Regardless, the lack of separation between the top and bottom of our baseline does indicate that we might not be able to confidently use the embeddings to automatically find the best match.

But this does not mean we cannot use our embeddings –  far from it. There is clearly a lot of potential to use these embeddings since they do pick up semantic similarity, they identify ordering, and compensate for spelling errors and other minor alterations.

They seem well suited to an internal recommendation system where a top five list of best matches would be returned to a customer support agent. The agent in this case would act as a filter and be able to quickly identify whether any of the recommendations were useful. This changes the cosine score from an absolute measure to a relative measure of success or a ranking system.
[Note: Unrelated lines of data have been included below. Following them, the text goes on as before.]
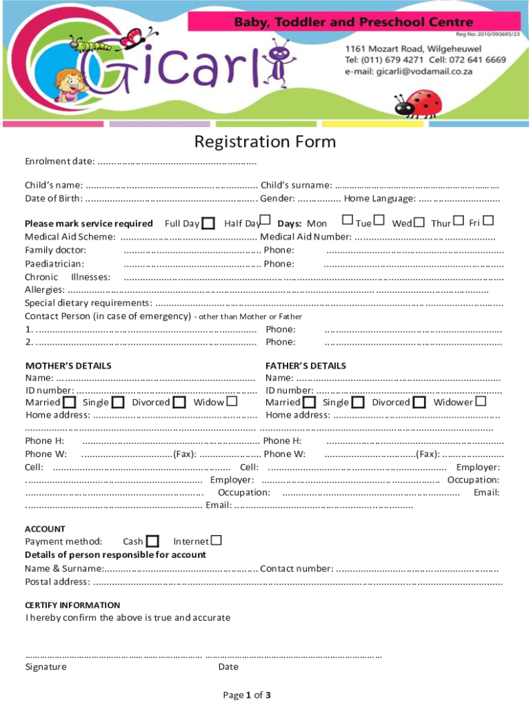 Registration Form Enrolment date: ........................................................... Childs name: ................................................................ Childs surname: . Date of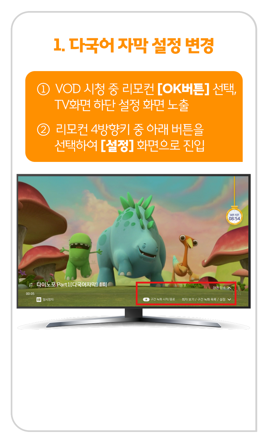 ① VOD 시청 중 리모컨 [OK] 버튼 선택, TV 화면 하단 설정 화면 노출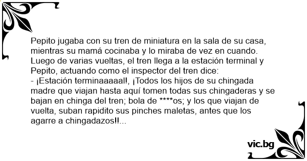 - ¡Estación terminaaaaal!, ¡Todos los hijos de su chingada madre que viajan hasta aquí tomen todas sus chingaderas y se bajan en chinga del tren; bola de ****os; y los que viajan de vuelta, suban rapidito sus pinches maletas, antes que los agarre a chingadazos!!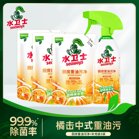 水卫士·厨房油污净清洁剂480g*1瓶+420g*3袋
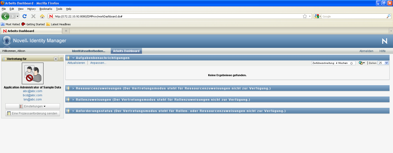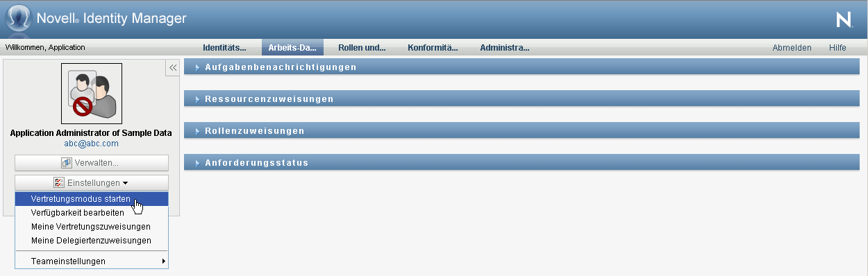 Nun können Sie alle Aktionen ausführen, zu denen auch der Benutzer, den Sie vertreten, berechtigt ist. Die verfügbaren Aktionen variieren je nach Ihren Berechtigungen und den Berechtigungen des Benutzers, den Sie vertreten.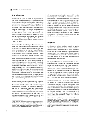 En el presente trabajo analizaremos a a a a a a a a a la compañía española United Biscuits en la la crisis que atrave- saron las líneas comerciales de la la marca repostera Fontaneda al considerar que su caso puede servir como ejemplo para marcas nacionales de iguales o o o o o menores dimensiones y con ello prevenir situaciones críticas al interior de éstas que pudieran provocar su desaparición del mercado La empresa Fontaneda nuestro estudio de caso comenzó en en en 1881 a a a manos de su fundador Eugenio Fontaneda Millán como el tradicional negocio fa- miliar que comercializaba productos de repostería caseros pero que con el paso de los años logró posi- cionarse en su comunidad a a a a a a tal grado que desarrolló un valor sentimental adicional entre los habitantes del lugar donde se se encontraba asentada lo que di- ficultó muchos años después la gestión informativa para afrontar su más severa crisis en el año 2002 También veremos cómo las buenas relaciones con los los medios de comunicación y con los los diferentes Stakeholders2 pueden ayudar a a a a a a a a a la compañía para tener mejores resultados en en alguna crisis Esto es es es lo que marca la diferencia en en en en el pensamiento estratégico ya que la la correcta gestión de la la comunicación corporativa no sólo es la que hace frente a a a a los problemas en en el momento en en en que que éstos surgen sino que que los prevé desde antes que que que aparezcan porque una vez que que que 2 Stakeholders es es una palabra inglesa que en el ámbito de de la la empre- sa sa sa significa “parte interesada o o o interesado” Hace referencia sobre todo a a a a a a a a las las organizaciones o o o o o o o personas que toman parte en las las deci- siones de de una compañía y que se ven afectadas por sus actividades Para el el caso del presente trabajo entenderemos por Stakeholders a: “todos los actores sociales que debido a a a a a las decisiones de de de una em- presa se se pueden ver afectados ya sea de de forma positiva o o o o negativa” (N de los A ) 42

For example, if there was a useful recommendation, then the agent can quickly use the previous response to provide an answer to the customer. In this way, the recommendation system saves the agent the bother of having to manually check for previously similar questions. Customers then get quicker responses and new issues can be identified more quickly.

In the next section, we will build a simple prototype for this kind of system.

Building a customer support recommender

The goal with the recommender system is to allow the user to review what the model considers to be the most similar questions.

We will continue to use our Quora dataset but we can alter it a bit to better represent common queries within your organization which you would like to more easily identify. What we want to end up with is a series of clusters which represent common customer queries.

Queries such as How can I change my password, how can I setup an account, or Where do I setup my email may represent common issues customers encounter and enquire about. There is no need for someone to come up with a new response here, there is probably documentation and a clear series of steps to take to resolve these issues. Instead of your customer support agent spending time looking for a previous similar query, or creating a new response, you would like them to be able to quickly retrieve the responses that were already provided.

To create our example clusters, we can go through the Quora questions and select a sample of queries which look like typical technical support type issues. We want a number of groups so we can pick some queries and then make some manual changes so that there is a cluster of at least 5 queries. Each cluster of queries will be associated with one saved response. The saved response could be a template or a fully completed example, whichever works for you use case. The key is that there is a label or ID for each query to link it to the relevant group.

For our example here we will just create 10 groups of 5 questions to show how this could be setup to generate recommendations for similar queries using sentence embeddings. You will likely have many more questions but it does not change the basic structure of the recommender. The sentence embeddings are quick to generate once you first run it to download the USE module.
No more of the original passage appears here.